Would you please repeat, word for word, only the lines from the one holding "Although similarly named" through the one holding "BASKET OF HOUSEHOLD AND STORAGE ITEMS" in the material below, without the pictures?

MATERIAL FOR THE TASK Block Start

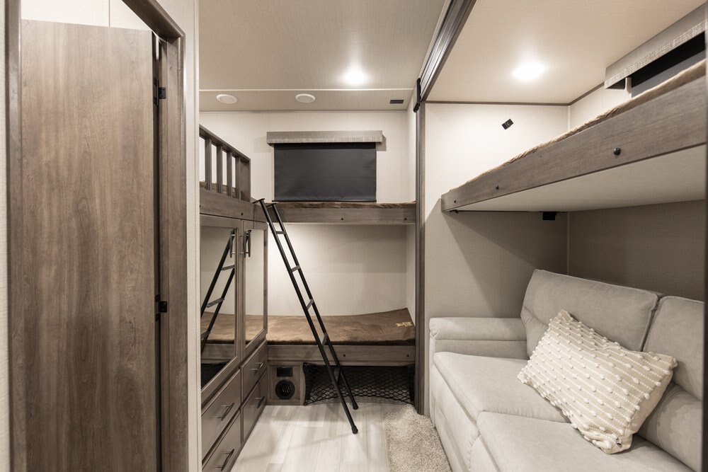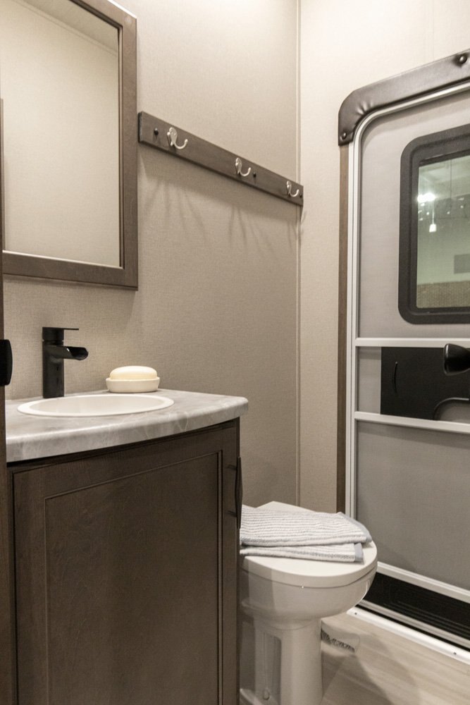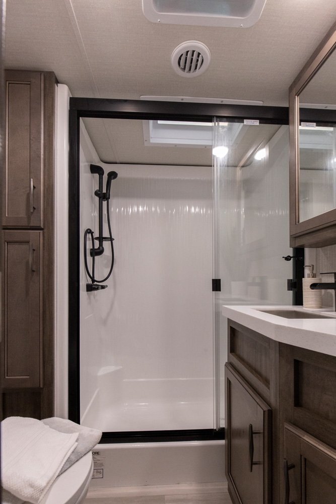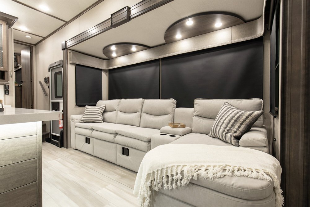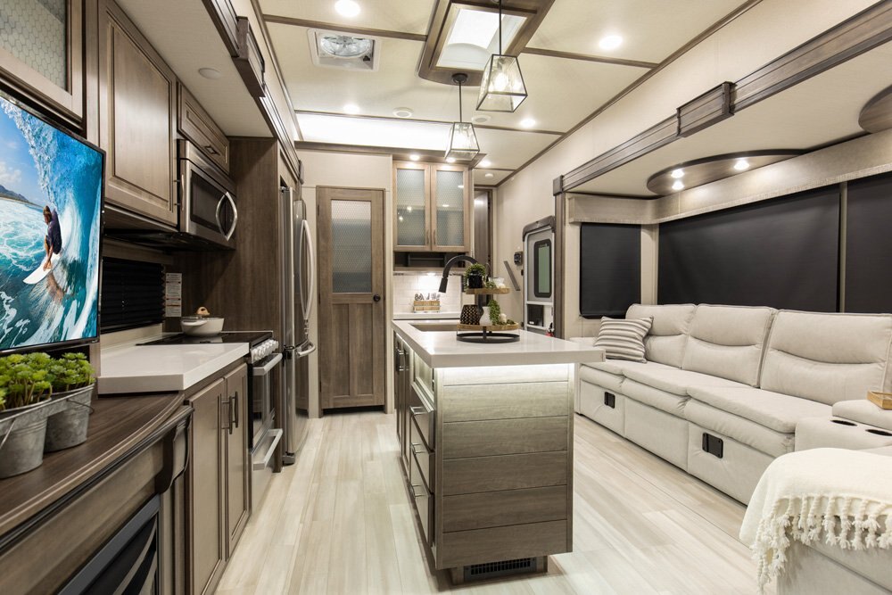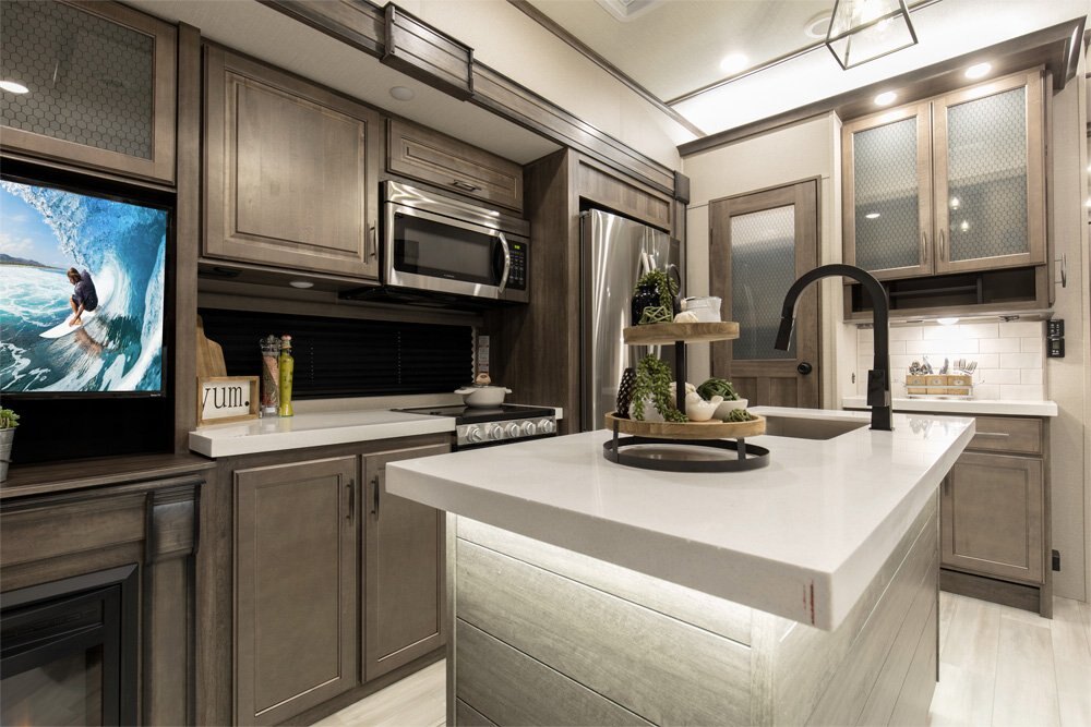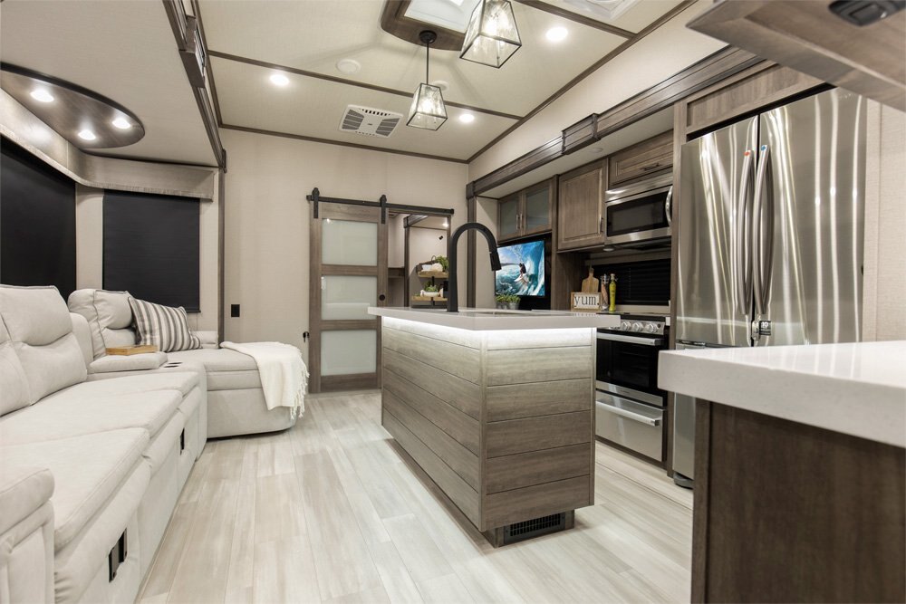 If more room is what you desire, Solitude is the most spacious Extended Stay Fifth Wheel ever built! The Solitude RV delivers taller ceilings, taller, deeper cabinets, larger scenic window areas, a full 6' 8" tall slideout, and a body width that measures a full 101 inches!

MATERIAL FOR THE TASK Block End
MATERIAL FOR THE TASK Block Start

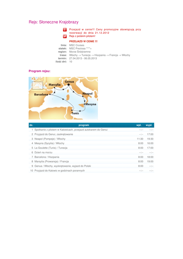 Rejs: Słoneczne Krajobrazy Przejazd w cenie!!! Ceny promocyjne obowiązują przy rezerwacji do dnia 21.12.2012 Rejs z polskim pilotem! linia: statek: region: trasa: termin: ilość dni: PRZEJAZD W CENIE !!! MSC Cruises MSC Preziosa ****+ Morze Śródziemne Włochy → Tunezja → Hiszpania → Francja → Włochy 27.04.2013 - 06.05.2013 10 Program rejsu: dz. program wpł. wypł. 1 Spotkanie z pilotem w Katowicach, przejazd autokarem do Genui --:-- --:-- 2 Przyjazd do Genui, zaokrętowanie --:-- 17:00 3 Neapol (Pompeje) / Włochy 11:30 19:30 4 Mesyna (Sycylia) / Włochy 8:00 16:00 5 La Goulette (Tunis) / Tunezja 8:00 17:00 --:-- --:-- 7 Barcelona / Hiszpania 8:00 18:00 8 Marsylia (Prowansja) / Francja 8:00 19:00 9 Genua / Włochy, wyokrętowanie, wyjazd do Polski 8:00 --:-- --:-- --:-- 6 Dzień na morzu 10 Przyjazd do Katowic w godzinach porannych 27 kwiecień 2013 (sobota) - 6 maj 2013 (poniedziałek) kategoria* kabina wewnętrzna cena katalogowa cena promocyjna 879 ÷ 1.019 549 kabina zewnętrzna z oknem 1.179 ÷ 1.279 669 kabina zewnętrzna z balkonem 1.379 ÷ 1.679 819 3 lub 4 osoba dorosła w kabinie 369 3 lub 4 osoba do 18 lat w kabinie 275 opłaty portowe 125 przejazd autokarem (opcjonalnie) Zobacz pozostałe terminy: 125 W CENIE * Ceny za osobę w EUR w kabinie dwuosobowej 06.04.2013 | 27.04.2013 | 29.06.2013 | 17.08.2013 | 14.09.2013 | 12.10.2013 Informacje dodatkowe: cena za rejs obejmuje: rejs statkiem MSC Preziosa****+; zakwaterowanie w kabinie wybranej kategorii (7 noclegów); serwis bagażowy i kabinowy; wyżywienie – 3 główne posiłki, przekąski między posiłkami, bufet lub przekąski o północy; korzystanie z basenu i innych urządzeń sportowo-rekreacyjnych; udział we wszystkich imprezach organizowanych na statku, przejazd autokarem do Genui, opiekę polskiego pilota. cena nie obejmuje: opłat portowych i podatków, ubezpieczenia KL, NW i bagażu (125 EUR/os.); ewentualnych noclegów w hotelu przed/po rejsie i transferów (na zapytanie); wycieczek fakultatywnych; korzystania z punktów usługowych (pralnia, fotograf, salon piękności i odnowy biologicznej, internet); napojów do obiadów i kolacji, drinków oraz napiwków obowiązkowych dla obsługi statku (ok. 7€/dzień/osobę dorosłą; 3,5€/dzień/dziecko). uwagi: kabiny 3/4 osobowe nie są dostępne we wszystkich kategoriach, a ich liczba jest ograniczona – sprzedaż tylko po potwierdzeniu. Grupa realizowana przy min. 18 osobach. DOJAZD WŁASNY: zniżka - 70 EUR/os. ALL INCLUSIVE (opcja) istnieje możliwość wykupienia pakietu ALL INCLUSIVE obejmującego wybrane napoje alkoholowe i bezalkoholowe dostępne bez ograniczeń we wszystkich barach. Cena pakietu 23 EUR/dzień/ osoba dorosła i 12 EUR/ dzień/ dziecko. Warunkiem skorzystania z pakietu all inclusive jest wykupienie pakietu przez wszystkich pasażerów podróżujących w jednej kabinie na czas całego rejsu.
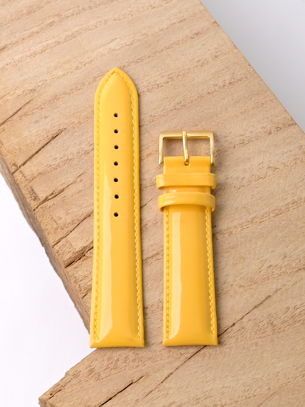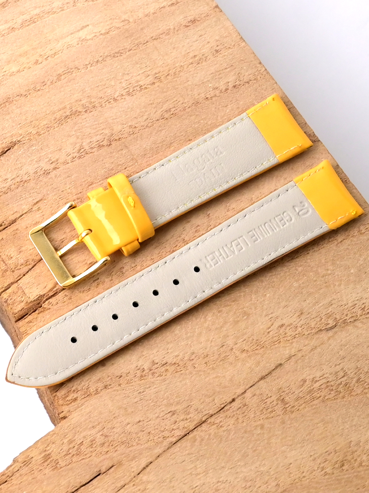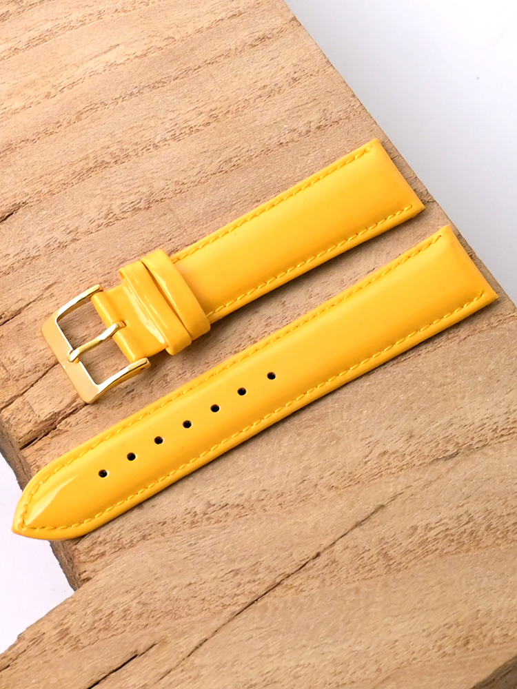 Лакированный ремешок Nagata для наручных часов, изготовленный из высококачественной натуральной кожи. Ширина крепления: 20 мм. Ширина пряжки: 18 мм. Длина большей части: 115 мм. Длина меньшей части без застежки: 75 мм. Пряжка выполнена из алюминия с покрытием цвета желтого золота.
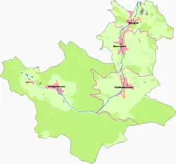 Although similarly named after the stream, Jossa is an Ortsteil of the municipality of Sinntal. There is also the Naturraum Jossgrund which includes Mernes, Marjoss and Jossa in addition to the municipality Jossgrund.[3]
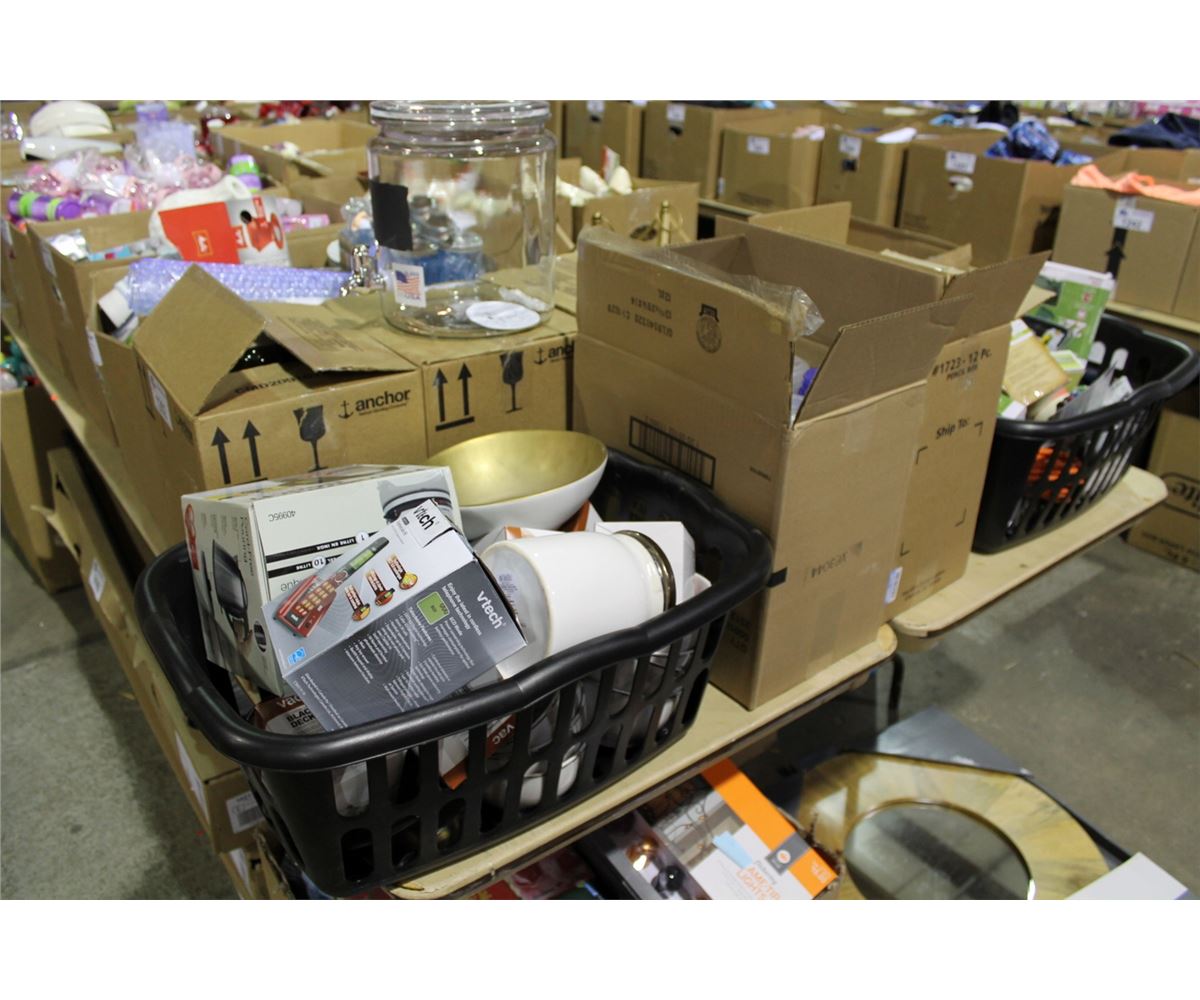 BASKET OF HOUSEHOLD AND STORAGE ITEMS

MATERIAL FOR THE TASK Block End
MATERIAL FOR THE TASK Block Start

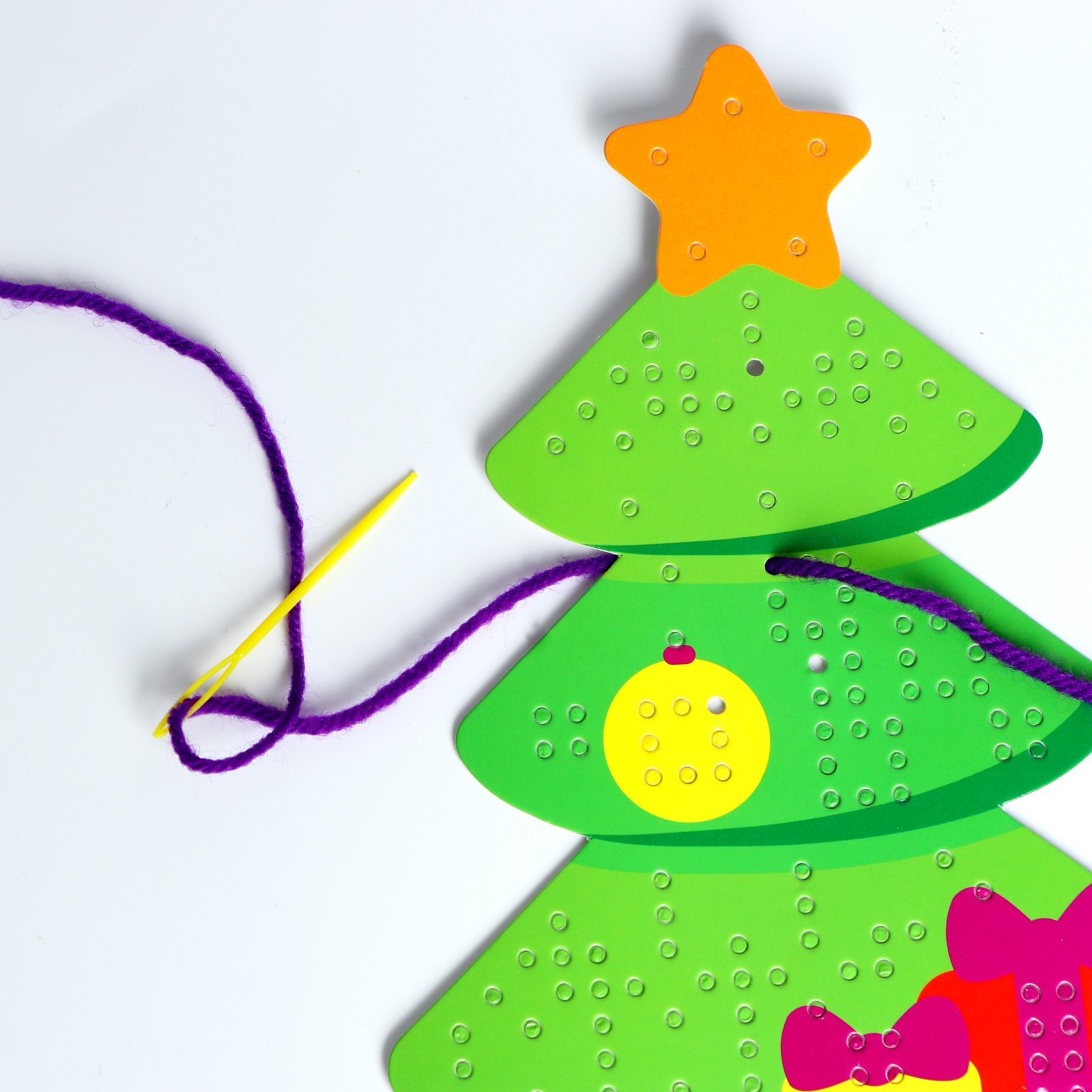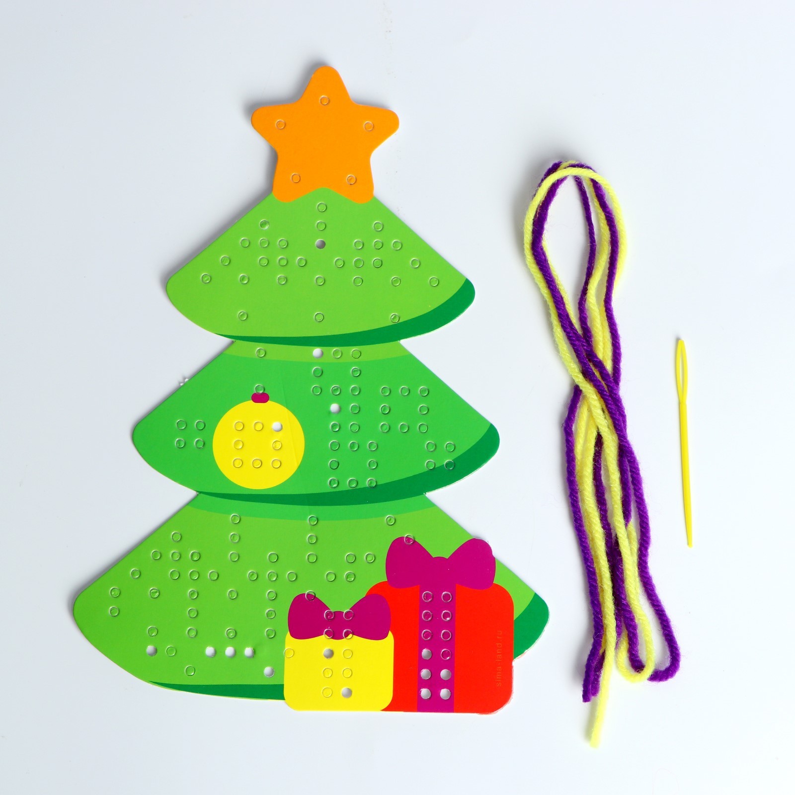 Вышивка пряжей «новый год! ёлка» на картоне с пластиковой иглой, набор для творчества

MATERIAL FOR THE TASK Block End

▶ RESULT:
 Although similarly named after the stream, Jossa is an Ortsteil of the municipality of Sinntal. There is also the Naturraum Jossgrund which includes Mernes, Marjoss and Jossa in addition to the municipality Jossgrund.[3]
 BASKET OF HOUSEHOLD AND STORAGE ITEMS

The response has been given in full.